■ **ACTION ITEM**: Would you transcribe the records below from the line with "- ā¦ļø Multi-Functional" to the line with "iPhone 16e ケース", ends included, exactly and with nothing more, leaving the pictures out?

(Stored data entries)
========================================================================

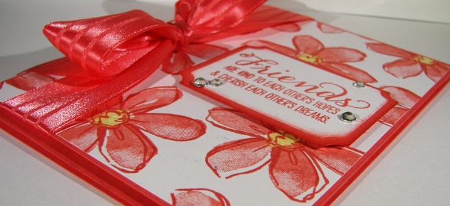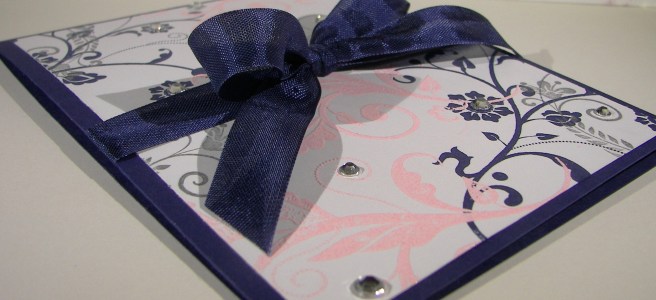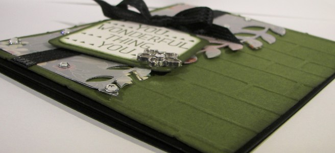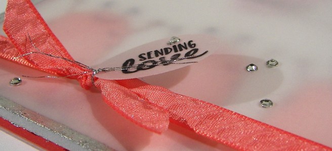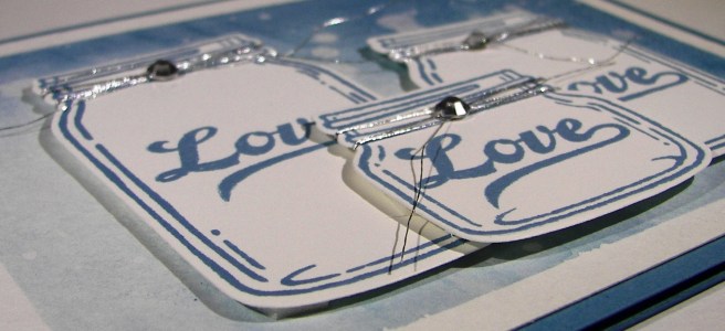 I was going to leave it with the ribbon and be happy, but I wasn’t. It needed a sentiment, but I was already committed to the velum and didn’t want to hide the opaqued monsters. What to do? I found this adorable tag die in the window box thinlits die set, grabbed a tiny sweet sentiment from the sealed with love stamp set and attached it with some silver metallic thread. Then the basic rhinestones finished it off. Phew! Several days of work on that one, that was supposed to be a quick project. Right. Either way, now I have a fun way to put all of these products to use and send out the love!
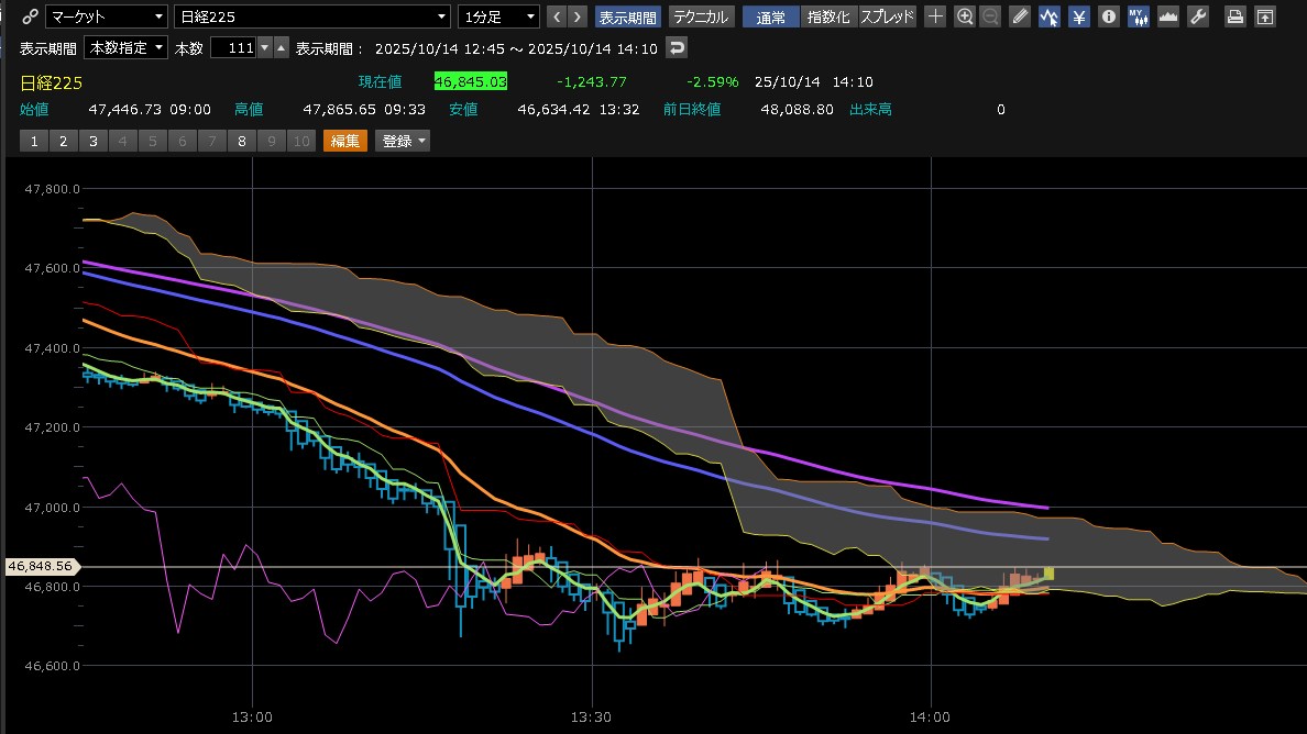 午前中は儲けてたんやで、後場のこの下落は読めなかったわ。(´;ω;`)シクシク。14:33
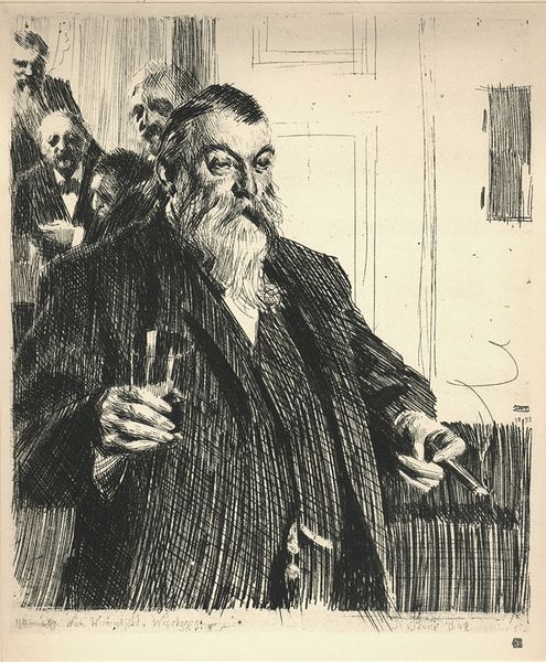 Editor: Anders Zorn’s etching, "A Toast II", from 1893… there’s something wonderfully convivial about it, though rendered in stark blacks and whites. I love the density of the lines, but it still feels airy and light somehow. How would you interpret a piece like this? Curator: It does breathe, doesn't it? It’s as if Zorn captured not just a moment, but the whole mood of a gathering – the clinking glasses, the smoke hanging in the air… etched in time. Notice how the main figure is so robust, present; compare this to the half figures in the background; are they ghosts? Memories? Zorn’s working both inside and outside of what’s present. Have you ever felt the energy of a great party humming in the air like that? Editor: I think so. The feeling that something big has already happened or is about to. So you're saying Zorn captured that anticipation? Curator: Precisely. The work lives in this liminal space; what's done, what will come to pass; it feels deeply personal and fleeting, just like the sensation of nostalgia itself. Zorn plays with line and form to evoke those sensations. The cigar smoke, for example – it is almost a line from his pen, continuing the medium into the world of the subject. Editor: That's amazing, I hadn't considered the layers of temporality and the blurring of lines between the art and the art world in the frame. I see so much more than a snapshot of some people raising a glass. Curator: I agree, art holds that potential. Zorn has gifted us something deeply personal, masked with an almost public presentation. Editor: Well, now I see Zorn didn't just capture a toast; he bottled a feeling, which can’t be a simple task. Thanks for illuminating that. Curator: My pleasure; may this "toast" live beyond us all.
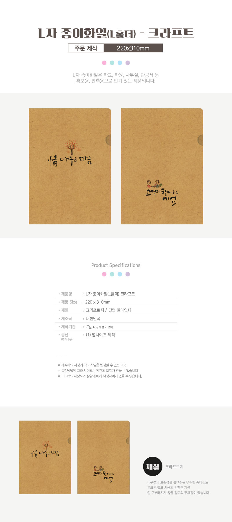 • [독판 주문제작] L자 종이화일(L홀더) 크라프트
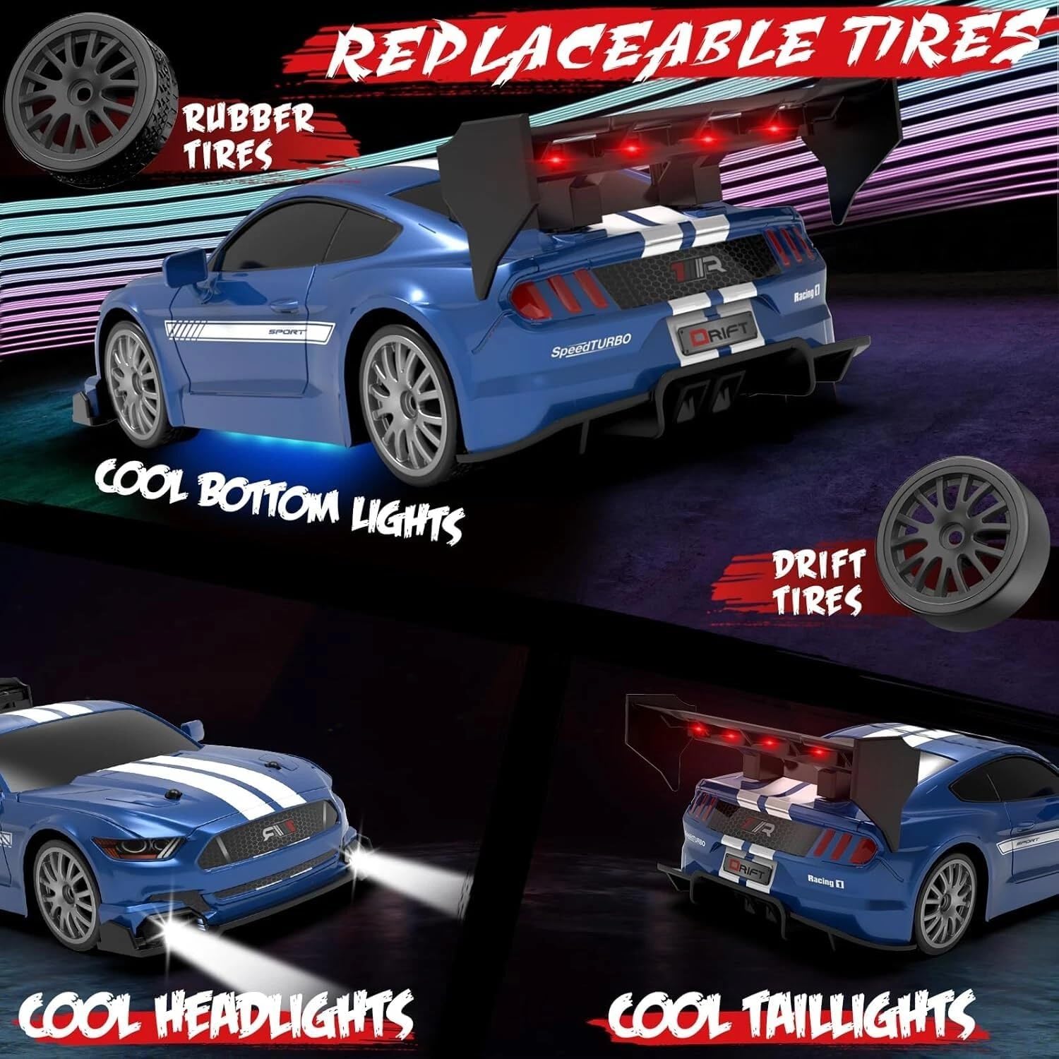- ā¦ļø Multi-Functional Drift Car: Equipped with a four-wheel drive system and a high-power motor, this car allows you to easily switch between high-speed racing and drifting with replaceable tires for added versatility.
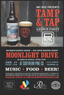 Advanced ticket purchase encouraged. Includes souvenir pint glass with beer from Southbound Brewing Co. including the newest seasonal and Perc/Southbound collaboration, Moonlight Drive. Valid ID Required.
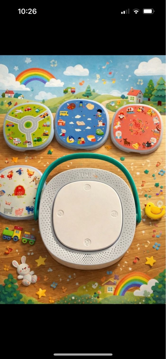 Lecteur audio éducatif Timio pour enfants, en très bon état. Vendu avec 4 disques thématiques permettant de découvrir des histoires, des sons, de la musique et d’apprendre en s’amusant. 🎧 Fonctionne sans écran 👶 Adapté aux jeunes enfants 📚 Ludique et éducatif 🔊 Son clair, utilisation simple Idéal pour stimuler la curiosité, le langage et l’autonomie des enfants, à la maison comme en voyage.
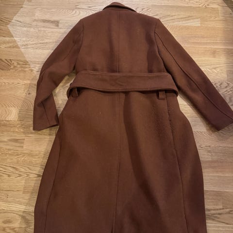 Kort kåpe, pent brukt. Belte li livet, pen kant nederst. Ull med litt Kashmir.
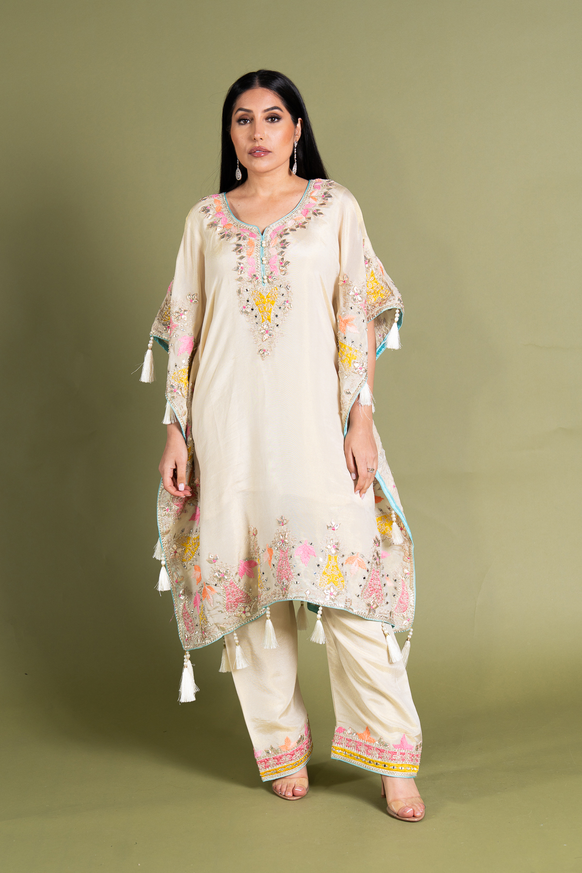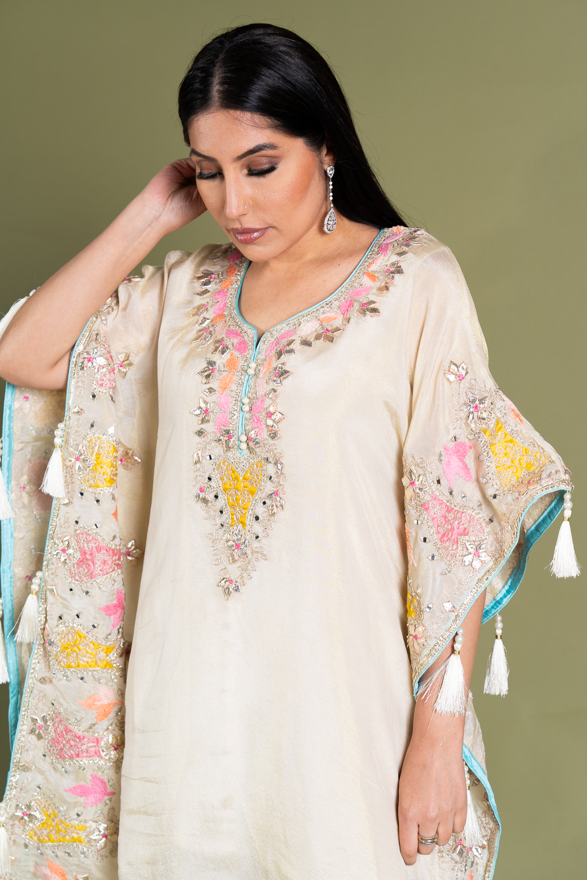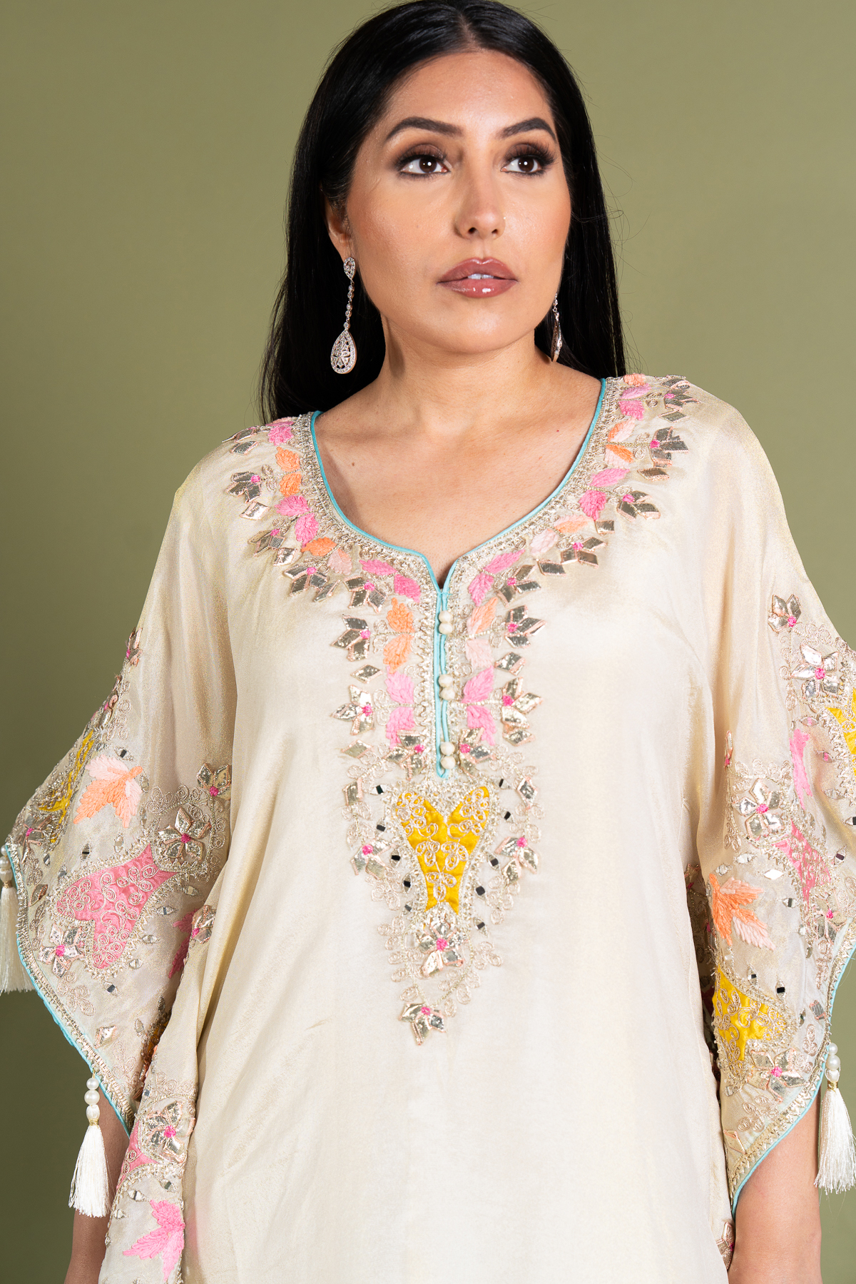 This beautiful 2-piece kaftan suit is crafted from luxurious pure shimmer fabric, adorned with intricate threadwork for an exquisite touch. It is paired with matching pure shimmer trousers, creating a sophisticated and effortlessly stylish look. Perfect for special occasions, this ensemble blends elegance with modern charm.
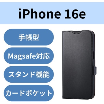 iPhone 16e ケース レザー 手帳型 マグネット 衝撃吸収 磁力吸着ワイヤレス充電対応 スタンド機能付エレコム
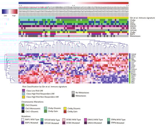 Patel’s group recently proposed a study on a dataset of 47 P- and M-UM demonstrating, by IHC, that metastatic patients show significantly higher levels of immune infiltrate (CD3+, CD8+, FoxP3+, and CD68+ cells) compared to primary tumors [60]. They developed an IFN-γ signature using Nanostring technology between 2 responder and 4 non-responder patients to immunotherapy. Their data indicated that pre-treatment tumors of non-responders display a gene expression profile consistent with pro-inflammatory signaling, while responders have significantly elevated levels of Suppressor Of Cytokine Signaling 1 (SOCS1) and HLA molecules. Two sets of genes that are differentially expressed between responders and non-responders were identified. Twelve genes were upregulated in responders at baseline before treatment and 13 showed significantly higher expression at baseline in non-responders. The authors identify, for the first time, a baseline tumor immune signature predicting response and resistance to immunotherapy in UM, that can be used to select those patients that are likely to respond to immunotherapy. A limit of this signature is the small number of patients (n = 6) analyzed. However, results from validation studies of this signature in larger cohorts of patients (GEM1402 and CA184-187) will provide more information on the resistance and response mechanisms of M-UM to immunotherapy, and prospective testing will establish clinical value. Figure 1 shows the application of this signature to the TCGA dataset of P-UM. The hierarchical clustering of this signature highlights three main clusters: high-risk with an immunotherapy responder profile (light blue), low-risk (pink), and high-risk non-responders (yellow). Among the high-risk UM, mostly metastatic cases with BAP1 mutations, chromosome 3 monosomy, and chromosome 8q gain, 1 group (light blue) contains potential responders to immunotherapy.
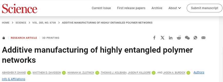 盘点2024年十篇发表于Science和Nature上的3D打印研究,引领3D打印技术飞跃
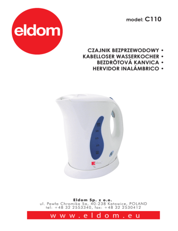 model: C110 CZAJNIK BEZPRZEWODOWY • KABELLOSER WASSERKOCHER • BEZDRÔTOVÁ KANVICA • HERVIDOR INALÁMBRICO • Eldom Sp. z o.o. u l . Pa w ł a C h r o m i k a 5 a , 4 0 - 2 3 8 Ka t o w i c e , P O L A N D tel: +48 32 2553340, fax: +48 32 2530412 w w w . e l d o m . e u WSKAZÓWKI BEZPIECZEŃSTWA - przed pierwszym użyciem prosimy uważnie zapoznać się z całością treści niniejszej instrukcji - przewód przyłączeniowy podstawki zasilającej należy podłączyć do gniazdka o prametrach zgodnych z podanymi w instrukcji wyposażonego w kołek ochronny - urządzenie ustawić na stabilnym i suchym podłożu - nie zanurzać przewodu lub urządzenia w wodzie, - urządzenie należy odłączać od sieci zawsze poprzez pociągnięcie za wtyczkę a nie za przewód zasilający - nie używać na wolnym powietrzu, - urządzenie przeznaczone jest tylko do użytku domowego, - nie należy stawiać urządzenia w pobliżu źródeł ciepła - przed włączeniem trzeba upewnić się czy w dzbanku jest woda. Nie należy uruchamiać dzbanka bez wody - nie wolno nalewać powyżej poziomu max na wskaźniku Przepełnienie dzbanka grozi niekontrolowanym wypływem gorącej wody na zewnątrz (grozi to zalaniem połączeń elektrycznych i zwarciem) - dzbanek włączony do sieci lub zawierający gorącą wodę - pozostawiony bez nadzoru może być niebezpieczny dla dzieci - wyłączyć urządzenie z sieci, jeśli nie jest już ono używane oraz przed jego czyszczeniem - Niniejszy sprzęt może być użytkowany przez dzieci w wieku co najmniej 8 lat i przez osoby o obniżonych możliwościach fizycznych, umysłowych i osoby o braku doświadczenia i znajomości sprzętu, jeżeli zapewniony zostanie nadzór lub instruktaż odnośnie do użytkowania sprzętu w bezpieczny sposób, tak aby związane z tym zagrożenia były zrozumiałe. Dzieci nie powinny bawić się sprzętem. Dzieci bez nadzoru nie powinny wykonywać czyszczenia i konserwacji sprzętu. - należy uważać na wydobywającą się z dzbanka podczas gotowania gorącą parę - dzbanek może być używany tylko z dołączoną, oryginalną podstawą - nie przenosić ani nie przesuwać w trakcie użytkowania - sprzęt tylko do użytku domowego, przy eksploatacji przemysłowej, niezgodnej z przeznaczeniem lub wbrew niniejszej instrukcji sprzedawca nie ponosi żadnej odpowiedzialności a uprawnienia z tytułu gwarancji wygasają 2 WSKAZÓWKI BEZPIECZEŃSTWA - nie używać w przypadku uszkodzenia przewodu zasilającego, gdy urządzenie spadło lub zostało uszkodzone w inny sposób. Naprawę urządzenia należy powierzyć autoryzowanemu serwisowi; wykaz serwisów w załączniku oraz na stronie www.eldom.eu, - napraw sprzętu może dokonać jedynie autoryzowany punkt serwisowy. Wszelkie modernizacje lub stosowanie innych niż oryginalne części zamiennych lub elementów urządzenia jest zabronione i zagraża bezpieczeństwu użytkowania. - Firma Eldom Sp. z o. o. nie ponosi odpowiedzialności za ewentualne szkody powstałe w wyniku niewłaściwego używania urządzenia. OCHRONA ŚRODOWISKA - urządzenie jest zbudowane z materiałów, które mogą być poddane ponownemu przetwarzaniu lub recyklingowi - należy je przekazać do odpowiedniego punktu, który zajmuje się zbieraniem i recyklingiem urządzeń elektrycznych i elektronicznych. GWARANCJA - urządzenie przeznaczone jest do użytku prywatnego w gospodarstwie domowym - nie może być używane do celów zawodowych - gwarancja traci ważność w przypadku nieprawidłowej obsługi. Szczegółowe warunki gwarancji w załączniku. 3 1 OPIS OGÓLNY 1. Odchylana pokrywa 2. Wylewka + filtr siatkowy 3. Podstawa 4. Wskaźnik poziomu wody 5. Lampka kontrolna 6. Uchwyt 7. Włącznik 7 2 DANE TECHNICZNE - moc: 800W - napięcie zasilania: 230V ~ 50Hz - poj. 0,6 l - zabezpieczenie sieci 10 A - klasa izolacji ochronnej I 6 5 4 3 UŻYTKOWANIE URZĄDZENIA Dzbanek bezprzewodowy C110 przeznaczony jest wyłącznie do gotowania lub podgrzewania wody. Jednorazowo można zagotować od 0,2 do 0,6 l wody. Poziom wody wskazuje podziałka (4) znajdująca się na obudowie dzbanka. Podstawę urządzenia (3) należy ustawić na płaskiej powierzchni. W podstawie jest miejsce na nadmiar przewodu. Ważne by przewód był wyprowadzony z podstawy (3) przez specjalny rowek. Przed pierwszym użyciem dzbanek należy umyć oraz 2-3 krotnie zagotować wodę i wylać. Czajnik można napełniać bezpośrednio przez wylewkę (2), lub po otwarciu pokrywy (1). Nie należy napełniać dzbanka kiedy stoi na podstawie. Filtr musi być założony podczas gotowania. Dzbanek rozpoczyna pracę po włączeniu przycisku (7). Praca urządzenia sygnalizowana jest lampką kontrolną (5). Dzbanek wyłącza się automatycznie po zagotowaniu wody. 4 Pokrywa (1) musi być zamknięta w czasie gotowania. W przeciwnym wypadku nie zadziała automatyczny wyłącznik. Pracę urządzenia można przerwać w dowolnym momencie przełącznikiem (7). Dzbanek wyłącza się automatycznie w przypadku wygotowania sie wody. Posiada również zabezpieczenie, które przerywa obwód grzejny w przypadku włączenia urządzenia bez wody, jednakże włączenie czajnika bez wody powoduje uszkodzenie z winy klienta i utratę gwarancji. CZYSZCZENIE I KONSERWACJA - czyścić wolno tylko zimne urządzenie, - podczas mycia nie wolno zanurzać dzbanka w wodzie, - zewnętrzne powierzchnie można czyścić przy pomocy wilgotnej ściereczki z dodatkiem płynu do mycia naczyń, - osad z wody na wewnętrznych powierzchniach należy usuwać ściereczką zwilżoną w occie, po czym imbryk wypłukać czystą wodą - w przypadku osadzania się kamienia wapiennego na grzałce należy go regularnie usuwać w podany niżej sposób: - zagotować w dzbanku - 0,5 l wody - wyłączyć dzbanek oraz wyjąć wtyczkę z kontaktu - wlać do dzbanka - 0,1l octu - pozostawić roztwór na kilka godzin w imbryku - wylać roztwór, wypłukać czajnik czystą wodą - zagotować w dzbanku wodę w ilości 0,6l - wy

========================================================================

■ **EXERCISE SOLUTION**:
- ā¦ļø Multi-Functional Drift Car: Equipped with a four-wheel drive system and a high-power motor, this car allows you to easily switch between high-speed racing and drifting with replaceable tires for added versatility.
 Advanced ticket purchase encouraged. Includes souvenir pint glass with beer from Southbound Brewing Co. including the newest seasonal and Perc/Southbound collaboration, Moonlight Drive. Valid ID Required.
 Lecteur audio éducatif Timio pour enfants, en très bon état. Vendu avec 4 disques thématiques permettant de découvrir des histoires, des sons, de la musique et d’apprendre en s’amusant. 🎧 Fonctionne sans écran 👶 Adapté aux jeunes enfants 📚 Ludique et éducatif 🔊 Son clair, utilisation simple Idéal pour stimuler la curiosité, le langage et l’autonomie des enfants, à la maison comme en voyage.
 Kort kåpe, pent brukt. Belte li livet, pen kant nederst. Ull med litt Kashmir.
 This beautiful 2-piece kaftan suit is crafted from luxurious pure shimmer fabric, adorned with intricate threadwork for an exquisite touch. It is paired with matching pure shimmer trousers, creating a sophisticated and effortlessly stylish look. Perfect for special occasions, this ensemble blends elegance with modern charm.
 iPhone 16e ケース レザー 手帳型 マグネット 衝撃吸収 磁力吸着ワイヤレス充電対応 スタンド機能付エレコム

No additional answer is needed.